US investment-grade bonds have swung into a loss for the year as the Federal Reserve's commitment to raising interest rates to counter inflation impacts debt markets. The Bloomberg US Corporate Bond Index fell 0.4% on Wednesday, marking a downturn for the year after being up as much as 5% in early February. This index has dropped 2.7% in September, making it the largest loss in seven months.
The initial optimism that many corporate-bond investors had at the beginning of 2023 has been disrupted due to a robust US economy prompting the Fed to raise its benchmark by a full percentage point to 5.5% this year, compared to expectations in December of a half-point increase. This has resulted in Treasury yields reaching multiyear highs this month, raising concerns that refinancing costs will negatively impact corporations waiting for borrowing costs to decrease.
Althea Spinozzi, a senior fixed-income strategist at Saxo Bank, commented on the situation, stating that "Long-term yields are likely to continue to soar for as long as the Fed can convince markets it won’t need to cut rates aggressively in the foreseeable future." She added that “’Higher-for-longer’ means ‘until-something-breaks’.”
This month's decline in corporate bonds is largely driven by a rout in Treasuries, increasing yields across credit markets. Meanwhile, the spread on the corporate debt index over a similar Treasury gauge remains below 120 basis points, aligning with its 10-year average.
A slowdown in bond buybacks has been observed, with companies purchasing bonds at the slowest rate since 2000. This reluctance may prove problematic as debt maturities accumulate and interest rates remain high. North American firms have made just 52 offers to repurchase outstanding debt, translating into $22 billion actually bought back - the lowest amount since at least 2008.

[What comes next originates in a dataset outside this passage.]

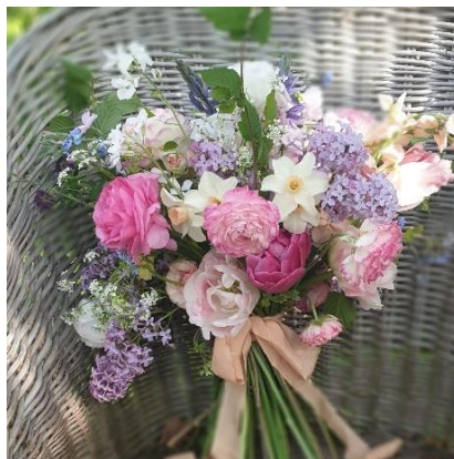
Regular 'pastel' bouquet May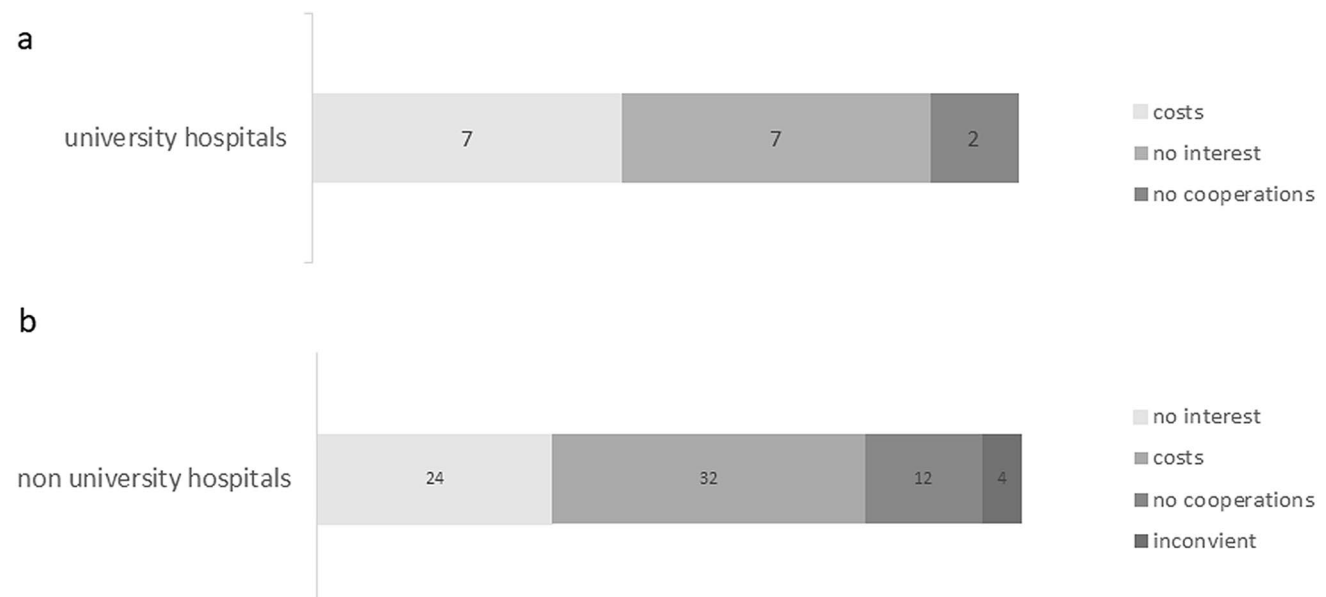
Fig. 2 Reasons for not establishing a robotic program. Main reasons for not adopting TORS at university hospitals (a) and non-university hospitals (b) is shown. The questionnaire allowed for multiple answers by one respondent

This work presents data characterizing the adoption of robotic surgery as well as the acceptance of this technique within Otorhinolaryngology Departments in Germany as first of its kind. With a response rate of 65.2% of all otolaryngology departments within Germany, participation in this study is satisfying. Data of this study were obtained from a voluntary-based survey with obvious limitation, such as respondent bias as well as lack of response from 57 parties. TORS for procedures in the oropharynx was the predominant

Investment-grade credit has been vulnerable since a US banking crisis occurred in March. The option-adjusted spread to Treasuries for a gauge of financial company bonds is near the widest it has been in over a decade relative to the spread for the broader corporate index.

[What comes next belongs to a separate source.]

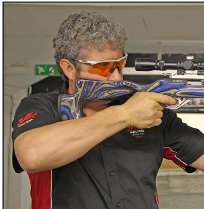
Gripping too high or with too much pressure will make it impossible for you to achieve a good trigger control!

Whether you refer to it as trigger pull, control, press, release or something entirely different it doesn't really matter as long as you physically operate it properly. Basically there are two types of "trigger control" that are used to fire a shot. The first is when the pressure on the trigger is continually increased in a slow and smooth manner to a point where a shot is eventually fired without that specific moment being determined by the shooter, and it is known as a "surprise" break (or release). The second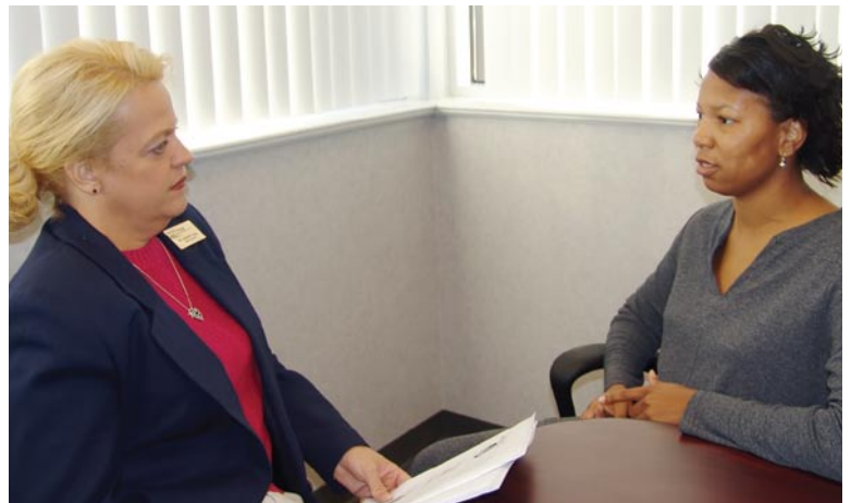
SWGTC students benefit from career counseling advisement services.

The US is currently grappling with several economic challenges, including autoworkers on strike, potential government shutdown, and the resumption of student loan payments following a pandemic-induced pause. At the same time, oil prices are rising, Europe's growth is stagnating, and China's property market is faltering.
Despite these challenges, Federal Reserve policymakers remain optimistic, believing that the rise in yields can help combat inflation. As fears of an overheated economy loom, rising yields may contribute to stabilizing growth.